Neuer Präsident der Volksvertretung ist der 39-jährige Glauk Konjucfa, der frühere Fraktionschef der linken Partei Vetevendosje ("Selbstbestimmung"). Die Partei hatte die zurückliegende Parlamentswahl gewonnen.

Deren Vorsitzender, Albin Kurti, steht derzeit mit der konservativen Demokratischen Liga des Kosovos (LDK) in Koalitionsverhandlungen. Beide Parteien waren bisher in der Opposition.

Kurti hatte Vetevendosje 2004 als radikale Bewegung gegen die damalige UN-Verwaltung Unmik im Kosovo gegründet. 2011 schaffte sie erstmals den Sprung ins Parlament.

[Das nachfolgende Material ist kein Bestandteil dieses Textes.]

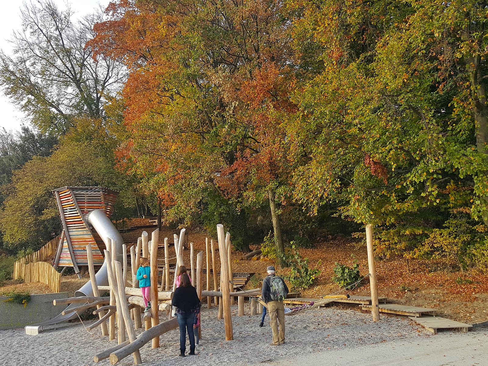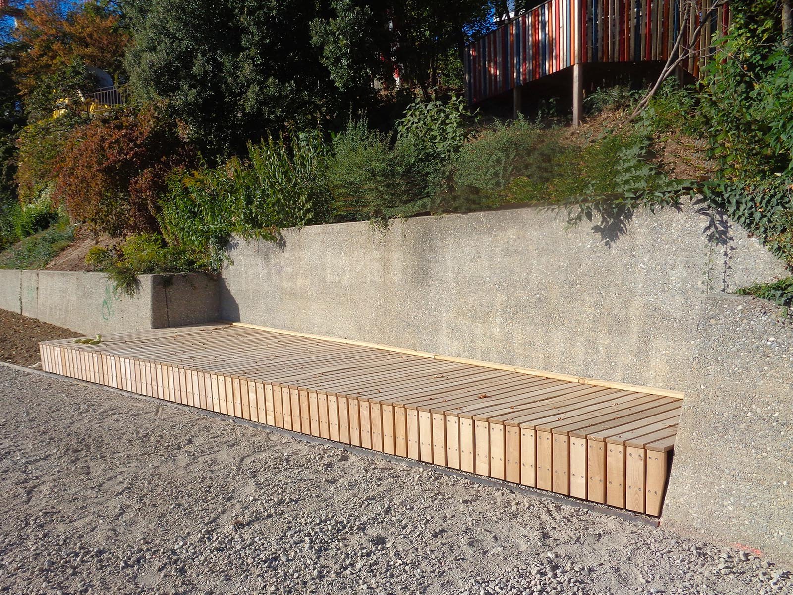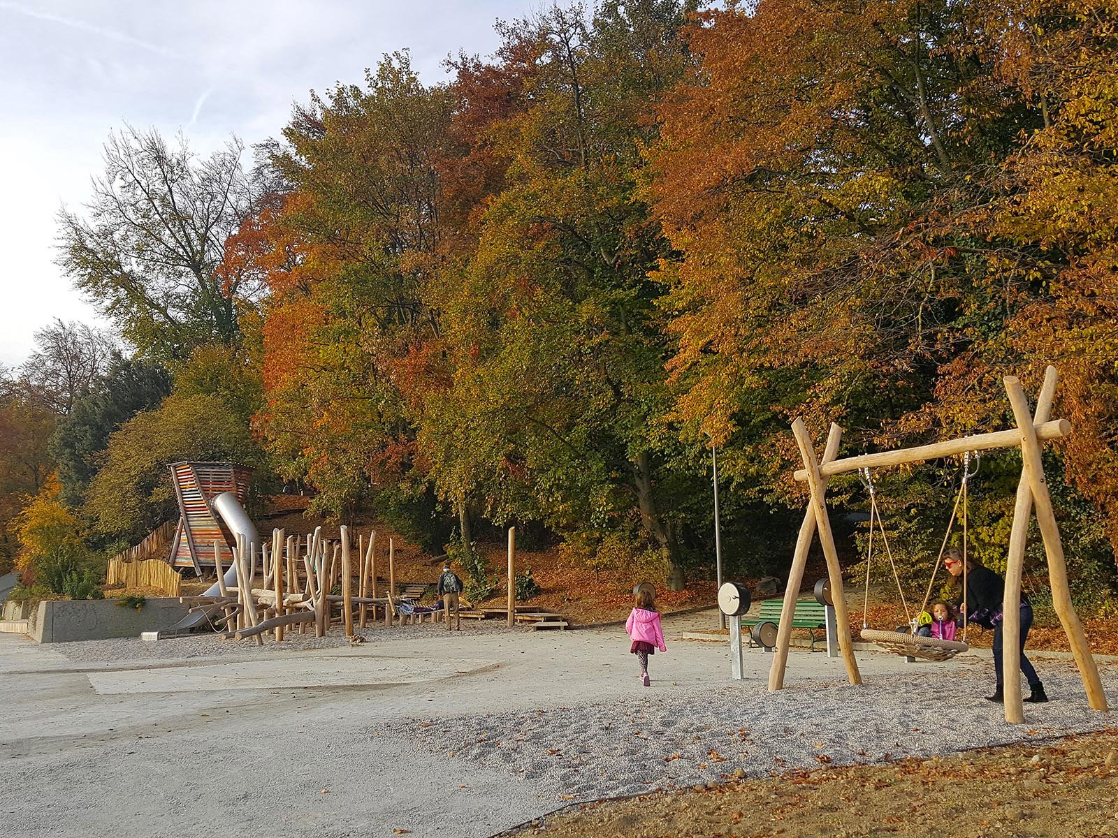 der spielplatz für die kleinen als auch der für die grösseren kinder hat einen waldähnlichen charakter und ist hauptsächlich aus rundholz gebaut. als verbindendes gestalungselement wählten wir eine feine, teilweise farbige lattung, die sowohl beim rutschahnturm wie auch bei den hütten der kleinkinder und in der belattung der podeste des waldweges einen akzent setzt.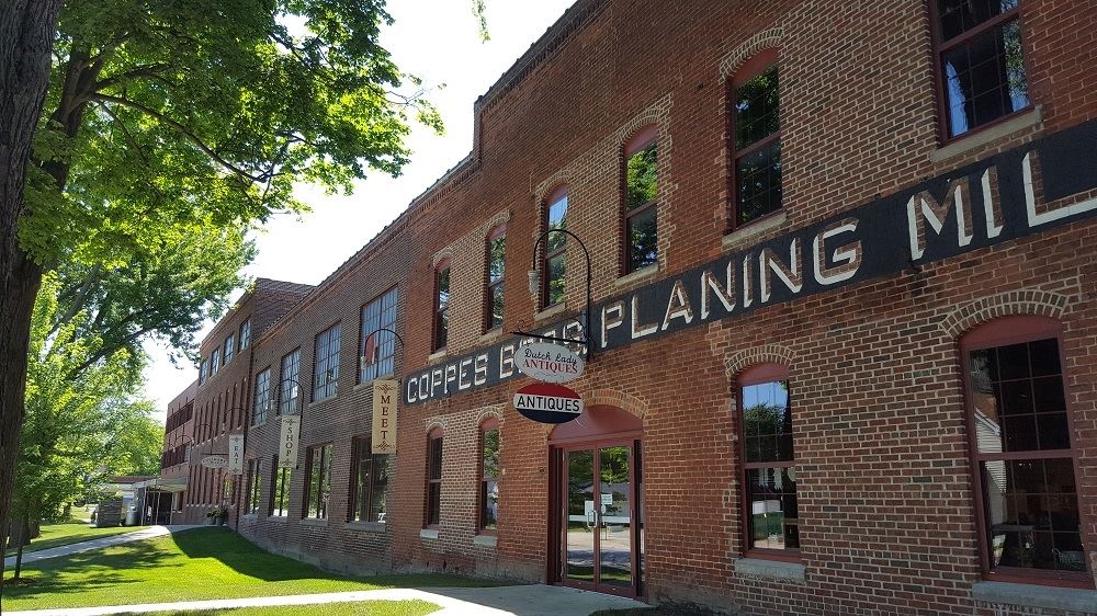 Located inside our 19th c. restored furniture factory, you’ll find the Coppes Commons Event Centers. The historic event venue offers elegant industrial ambiance with exposed brick and beams, original hardwood floors, banked windows and other factory features warmly lit with custom-made chandeliers and glittering string lights.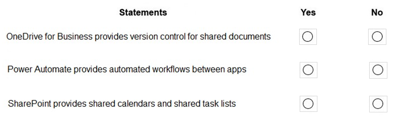 Instructions: For each of the following statements, select Yes if the statement is true.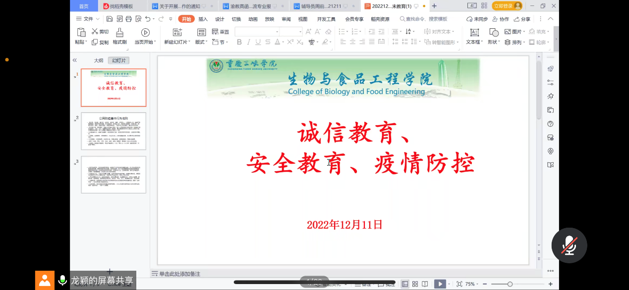 12月11日下午,我院辅导员熊小飞、许美琳、龙颖、龚莉分年级开展线上诚信教育、安全教育、疫情防控专题周末教育,我院全体学生参加。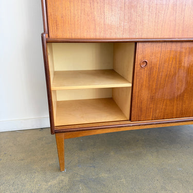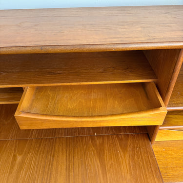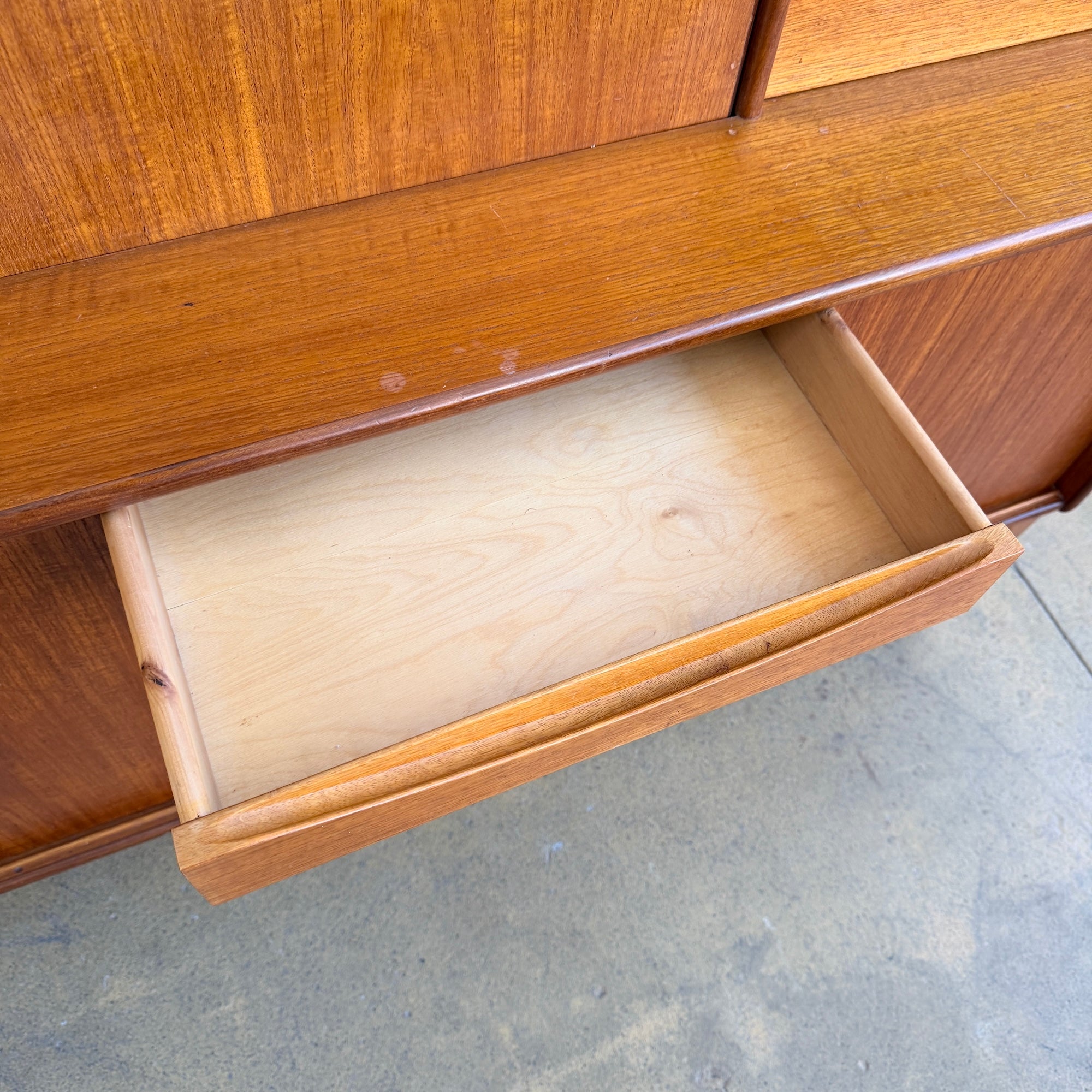 The piece is in good vintage condition, showing light, age-appropriate wear consistent with its era. The teak surfaces present well with a nice, even tone, and all doors and drawers function smoothly. No structural issues observed, making it a solid and ready-to-use example of mid-century Scandinavian cabinetry.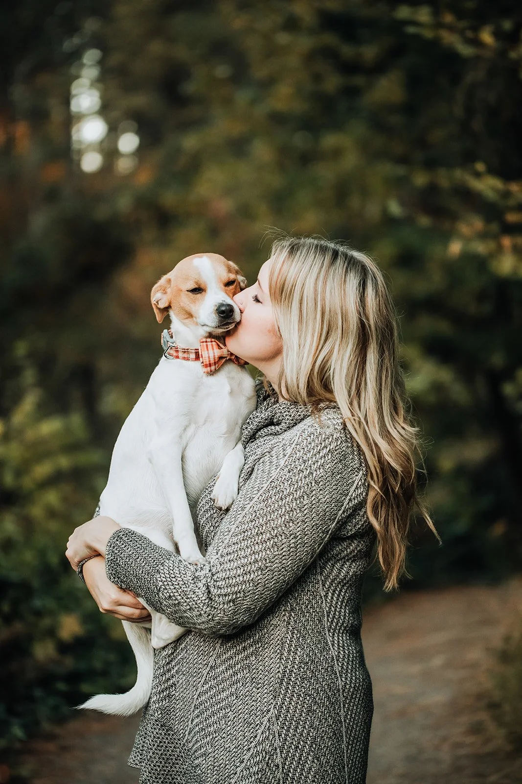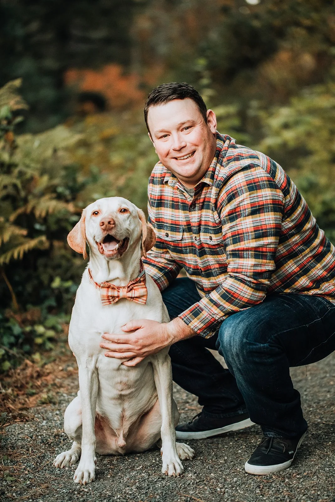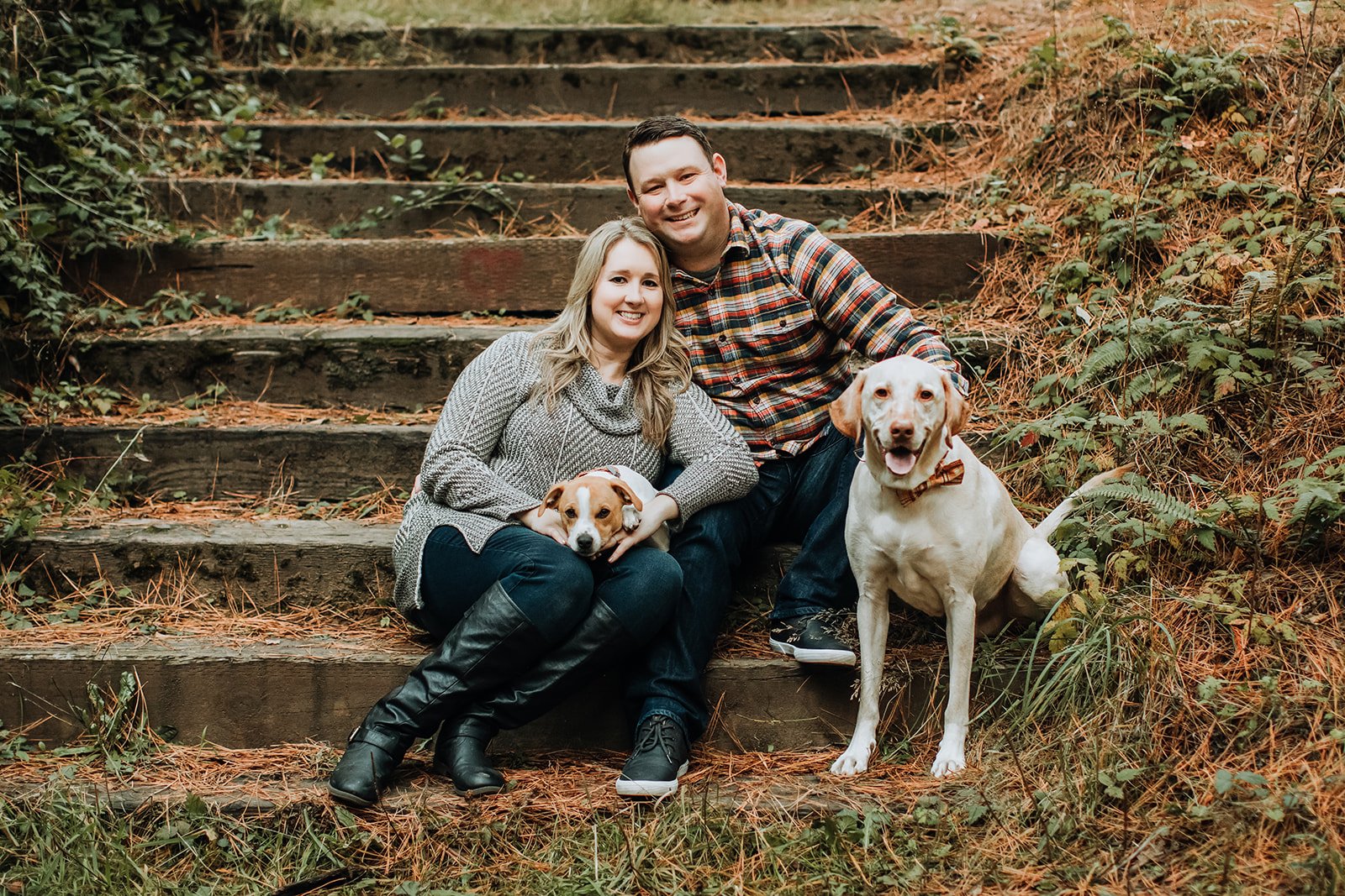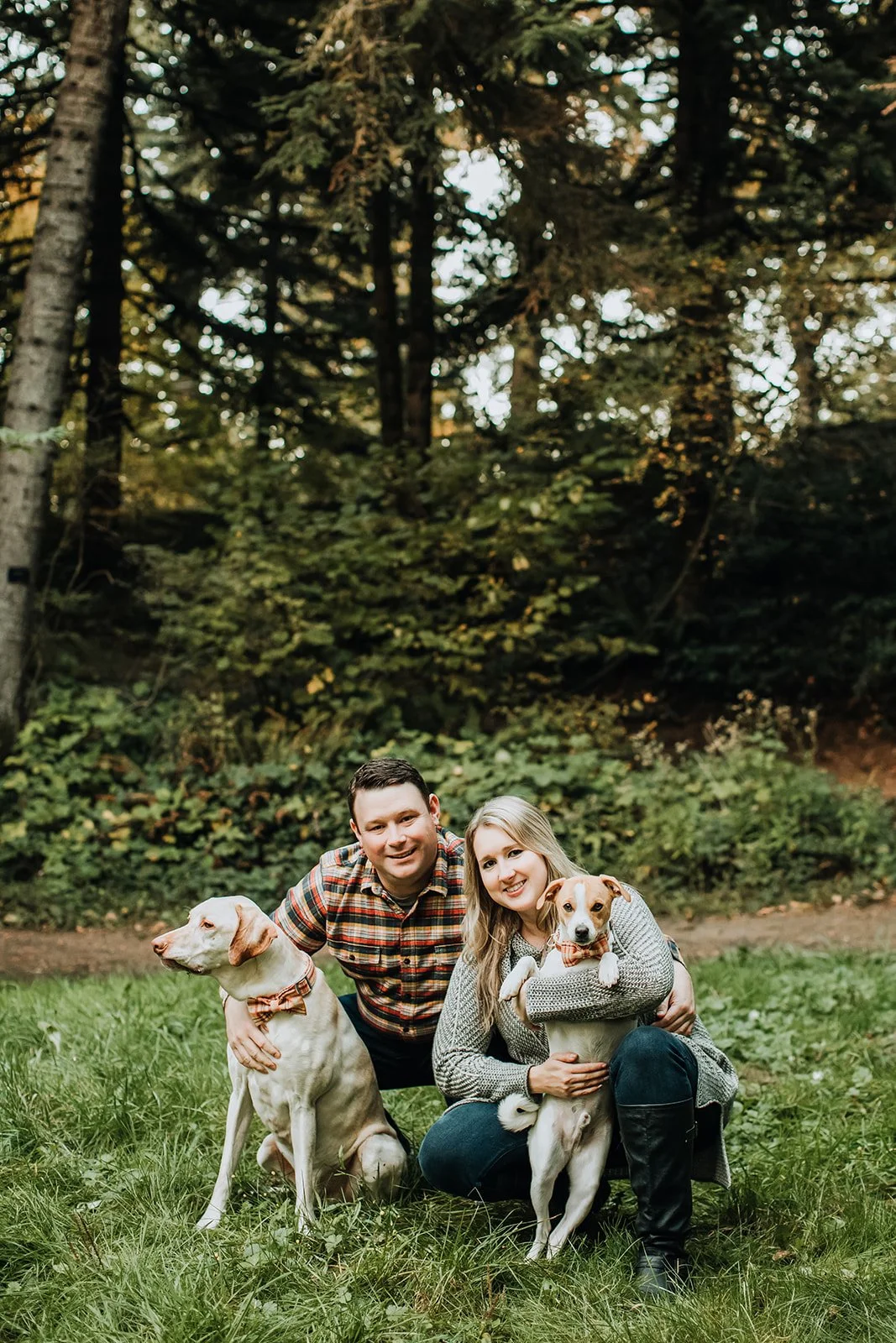 Allie and Ryan brought both of them to their engagement session at Hoyt Arboretum — a Jack Russell mix and a yellow Lab — and the dogs were, to be clear, fully committed to the session. The Lab sat beside them on the mossy steps with the dignity of someone who had done this before. The Jack Russell was held, which was probably the right call.

Für die von ihm angestrebte Regierung hat Kurti einen Bruch mit Korruption und Vetternwirtschaft angekündigt, wie sie von den zu Politikern gewandelten ehemaligen UCK-Kommandanten praktiziert wurden.

Politikwechsel im Kosovo

Mit dem Regierungswechsel treten nun jene Parteien in den Hintergrund, die die Politik des Kosovos bisher mitbestimmt haben.

Die ehemals serbische Provinz Kosovo stand nach einer Nato-Intervention gegen das damalige Jugoslawien von 1999 bis 2008 unter UN-Verwaltung.

2008 wurde das Land unabhängig. Serbien erkennt dies bis heute nicht an.